ASSIGNED TASK:
A word-for-word copy of the entries is the goal; leave out the pictures.

····················

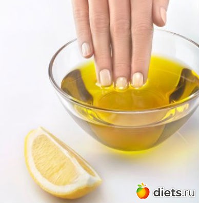 Берем растительное, оливковое, персиковое или любое другое масло, смешиваем их в произвольных пропорциях и слегка подогреваем на водяной бане. Добавляем по 1-2 капельке жидкого витамина Е и А, опускаем руки и держим 15-20 минут. Затем руки можно вымыть с мылом и нанести крем, а можно просто вытереть салфеткой и одеть хлопчато-бумажные перчатки (перед сном). Такая процедура защищает ногти от расслоения, питает ногтевую пластину и уберегает ее от высушивания.
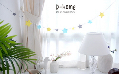 ‘하트 가랜드’는 아기자기한 인형들과 함께 밋밋한 벽에 살짝만 걸어주어도 러블리한 인테리어를 연출해 신혼부부들 사이에서 인기가 높다. 색상을 레드, 아이보리, 핑크블루 중 택 1 가능하고 가격은 3900원. ‘DIY 파스텔 별 가랜드’는 별 펠트 구멍 사이로 실을 끼워 걸어주기만 하면 완성된다.
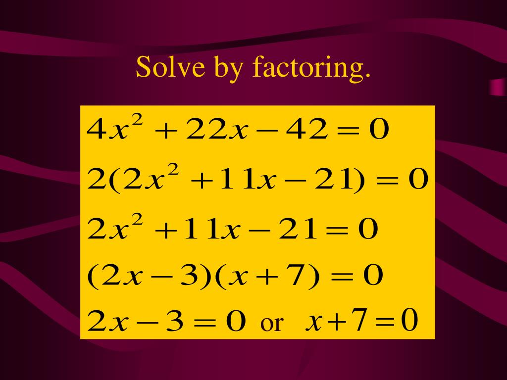 or Solve by factoring.
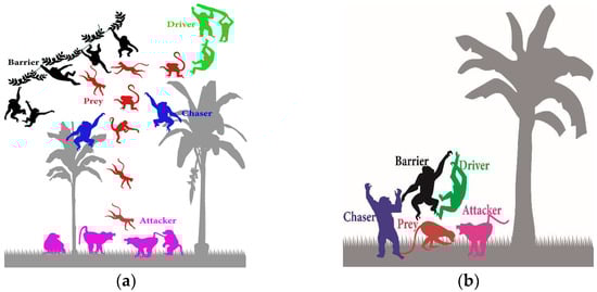 Hunting process in ChOA. (a) First phase: exploration, which consists of blocking, driving, and chasing the prey; (b) Second phase: exploitation, which consists of attacking the prey.
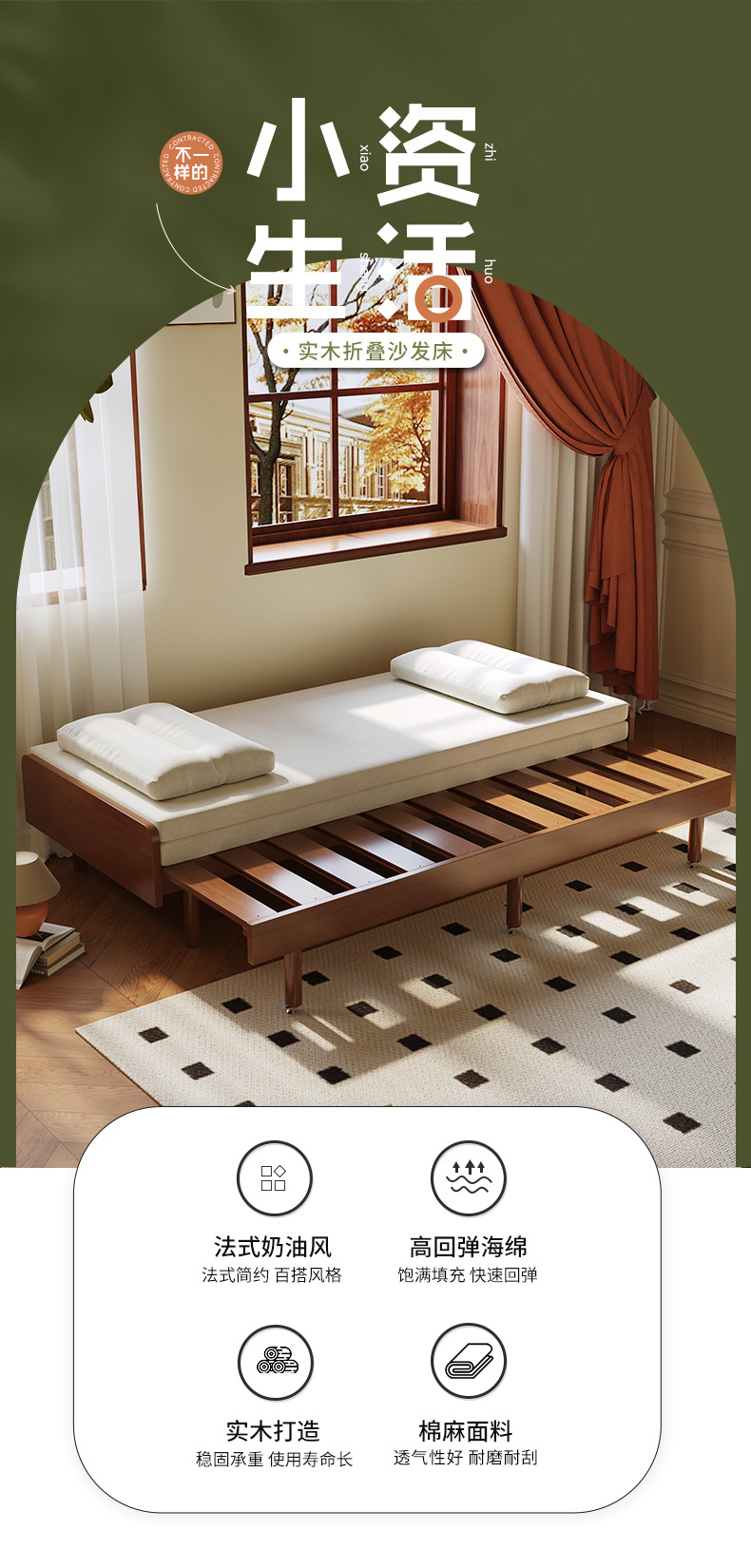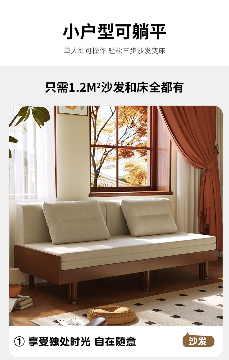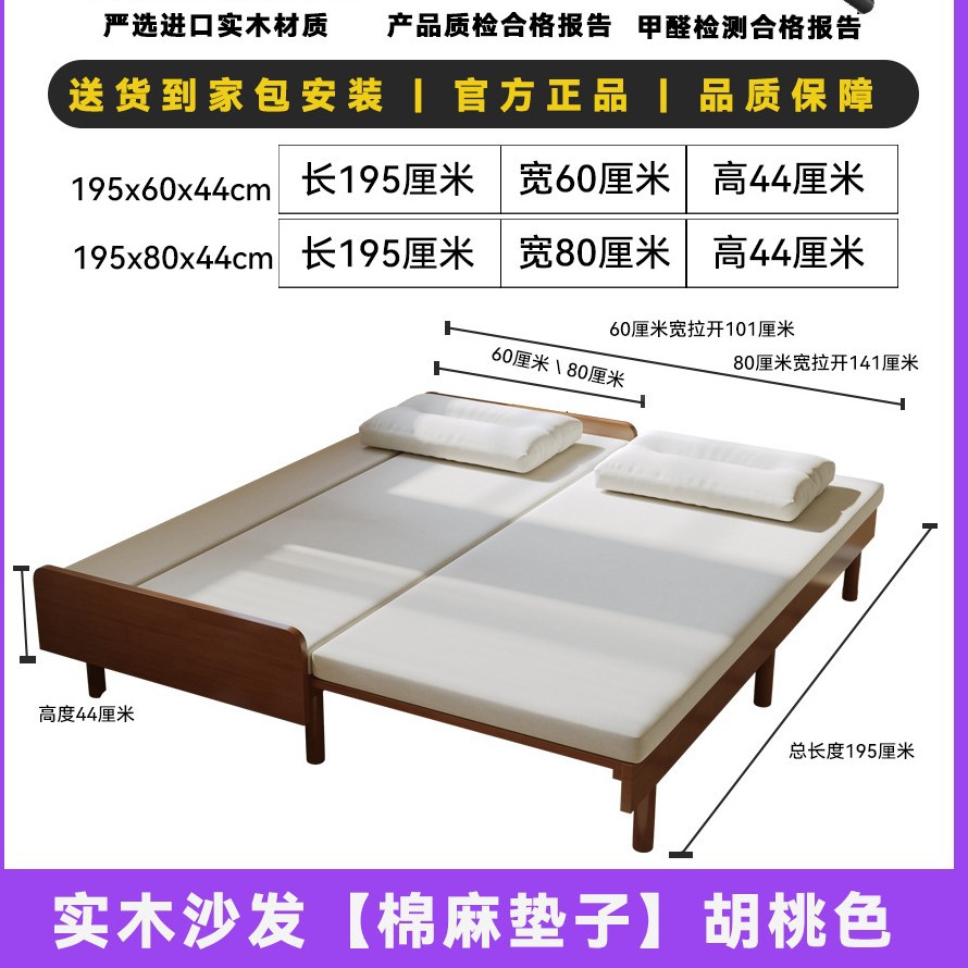 솔리드 우드 소파 침대 접이식 이중 목적 추출기 침대 작은 아파트 거실 24 새로운 다기능 앉고 편안한 낮잠 확장 가능한 침대
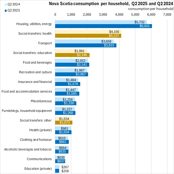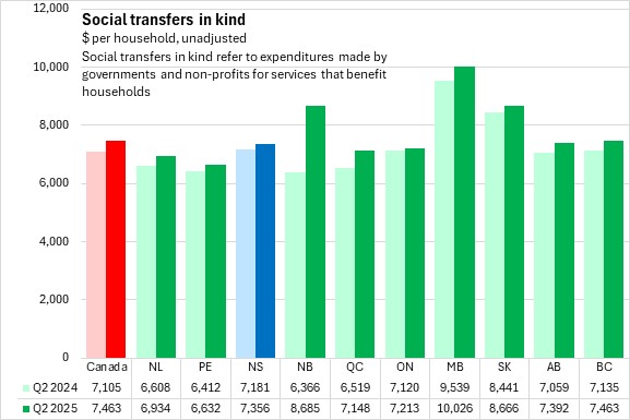 In Q2 2025, Nova Scotian households received $7,356 per household worth of social transfers in kind (98.6% of the national average per household). Across Canada, social transfers in kind were $7,463 per household with the highest value in Manitoba and the lowest value in Prince Edward Island.

····················

EXERCISE RESULT:
 Берем растительное, оливковое, персиковое или любое другое масло, смешиваем их в произвольных пропорциях и слегка подогреваем на водяной бане. Добавляем по 1-2 капельке жидкого витамина Е и А, опускаем руки и держим 15-20 минут. Затем руки можно вымыть с мылом и нанести крем, а можно просто вытереть салфеткой и одеть хлопчато-бумажные перчатки (перед сном). Такая процедура защищает ногти от расслоения, питает ногтевую пластину и уберегает ее от высушивания.
 ‘하트 가랜드’는 아기자기한 인형들과 함께 밋밋한 벽에 살짝만 걸어주어도 러블리한 인테리어를 연출해 신혼부부들 사이에서 인기가 높다. 색상을 레드, 아이보리, 핑크블루 중 택 1 가능하고 가격은 3900원. ‘DIY 파스텔 별 가랜드’는 별 펠트 구멍 사이로 실을 끼워 걸어주기만 하면 완성된다.
 or Solve by factoring.
 Hunting process in ChOA. (a) First phase: exploration, which consists of blocking, driving, and chasing the prey; (b) Second phase: exploitation, which consists of attacking the prey.
 솔리드 우드 소파 침대 접이식 이중 목적 추출기 침대 작은 아파트 거실 24 새로운 다기능 앉고 편안한 낮잠 확장 가능한 침대
 In Q2 2025, Nova Scotian households received $7,356 per household worth of social transfers in kind (98.6% of the national average per household). Across Canada, social transfers in kind were $7,463 per household with the highest value in Manitoba and the lowest value in Prince Edward Island.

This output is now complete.